Учителю, раз уж он прыгнул в воду, надо было плыть дальше.
— Видишь ли, Адель, Смерть бывает разная. Та, про которую ты сказала, это смерть для старых людей. Есть еще одна Смерть — старуха с косой в руках, она для взрослых мужчин и женщин. А вот эта, которая здесь на гравюре, это Смерть для молодых. Ну-ка, скажи мне, какая из них тебе нравится больше? — спросил он шутливо. Девочка показала пальцем на хорошенького кудрявого мальчика с толстыми ручками и ножками.
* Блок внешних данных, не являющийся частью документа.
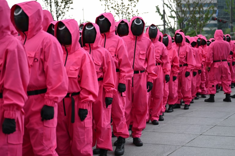 Fans gathered near Seoul's Gyeongbokgung Palace, led by marchers dressed in the bright pink uniforms worn by the show's mysterious masked agents.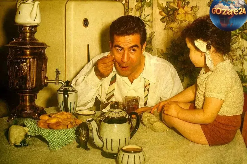 در تصویر، آشپزخانهای با سماور برنجی درخشان، سرویس چایخوری طرحدار، پردههای گلدار و یخچال قدیمی دیده میشود؛ همه این عناصر نمادهای یک خانه ایرانی قبل از انقلاب هستند. این صحنه که همراه با حضور دخترش ثبت شده، تصویری کوتاه اما پر از نوستالژی از روزگاری ساده و پر از محبت را زنده میکند.

— Вот-вот, — засмеялся дядя, — молодым, конечно, больше нравится этот мальчик. — Он сделал хитрое лицо и посмотрел на всех, и все засмеялись тоже, потому что им показалось, что учитель хорошо выпутался. Не смеялась только мать Адели. Но самой девочке понравилось объяснение дяди, она и потом часто вспоминала этот разговор. Однажды она попросила у матери подарить ей эту гравюру, и, к ее удивлению, мать сразу согласилась. Дело же было в том, что с того воскресенья у матери появилась неприязнь к этой картинке, висевшей на стене, и всякий раз, когда ее глаза наталкивались на нее, матери становилось не по себе. Она была болезненной и чувствительной женщиной, и ее неприятно задело такое неожиданное сближение любви и смерти. Как и у большинства страдающих людей, в ее сердце был потайной, заветный уголочек, тоскующий о любви. На долю самой матери достался муж из таких людей, которые больше заняты насущными вопросами, и любовь была вскоре отстранена, как что-то не влияющее на будничный ход жизни. Любовная тоска, запрятанная глубоко в сердце молодой женщины, стала неизбывной и давала ей повод думать, что ей-то именно предназначена «Смерть для молодых». Вот почему она охотно отдала гравюру дочери.